▶ **Task details**: Reproduce, exactly and only, the lines of the data that follows from the one containing "永遠の絆を象徴する無限マーク" down to the one containing "nose and sneezing", without pictures.

▶ **Data extracts**:

——

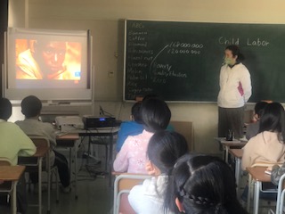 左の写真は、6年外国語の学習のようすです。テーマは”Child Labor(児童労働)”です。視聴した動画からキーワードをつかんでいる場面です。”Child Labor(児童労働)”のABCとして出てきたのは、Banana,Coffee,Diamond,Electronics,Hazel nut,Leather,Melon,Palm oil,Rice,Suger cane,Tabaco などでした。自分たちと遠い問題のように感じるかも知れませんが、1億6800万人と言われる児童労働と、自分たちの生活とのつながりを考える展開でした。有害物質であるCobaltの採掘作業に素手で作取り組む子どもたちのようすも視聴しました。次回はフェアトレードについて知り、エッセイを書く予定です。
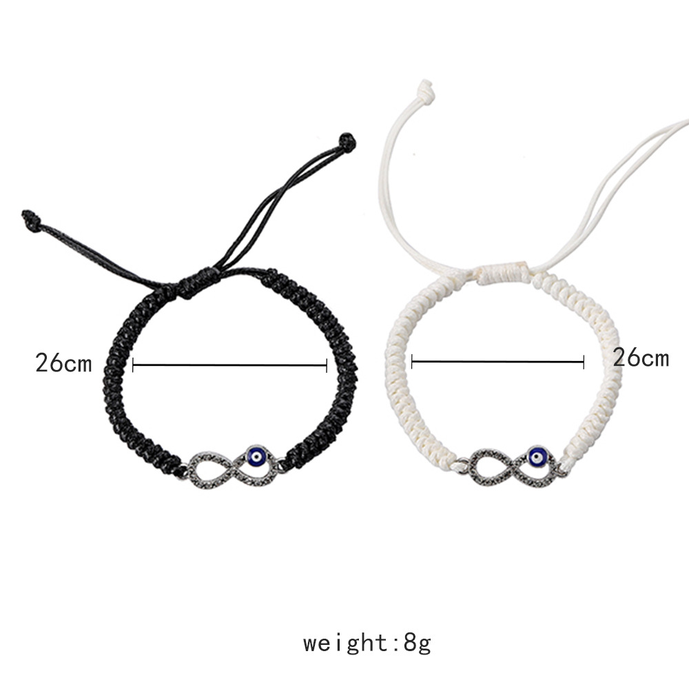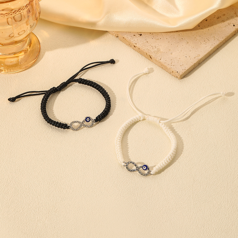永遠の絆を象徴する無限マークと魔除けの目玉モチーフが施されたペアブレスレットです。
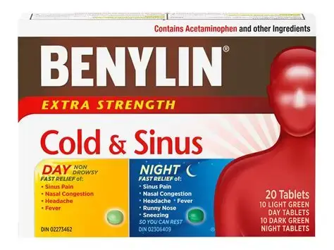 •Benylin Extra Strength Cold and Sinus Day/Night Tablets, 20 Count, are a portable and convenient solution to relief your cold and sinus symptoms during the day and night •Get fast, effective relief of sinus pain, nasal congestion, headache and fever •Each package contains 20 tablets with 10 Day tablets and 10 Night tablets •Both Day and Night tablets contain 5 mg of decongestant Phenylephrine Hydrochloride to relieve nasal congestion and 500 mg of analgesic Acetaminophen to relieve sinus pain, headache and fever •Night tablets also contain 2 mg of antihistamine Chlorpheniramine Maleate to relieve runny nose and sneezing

——

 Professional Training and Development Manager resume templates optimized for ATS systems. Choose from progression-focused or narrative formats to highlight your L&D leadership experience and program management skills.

——

▶ **Response to the exercise**:
永遠の絆を象徴する無限マークと魔除けの目玉モチーフが施されたペアブレスレットです。
 •Benylin Extra Strength Cold and Sinus Day/Night Tablets, 20 Count, are a portable and convenient solution to relief your cold and sinus symptoms during the day and night •Get fast, effective relief of sinus pain, nasal congestion, headache and fever •Each package contains 20 tablets with 10 Day tablets and 10 Night tablets •Both Day and Night tablets contain 5 mg of decongestant Phenylephrine Hydrochloride to relieve nasal congestion and 500 mg of analgesic Acetaminophen to relieve sinus pain, headache and fever •Night tablets also contain 2 mg of antihistamine Chlorpheniramine Maleate to relieve runny nose and sneezing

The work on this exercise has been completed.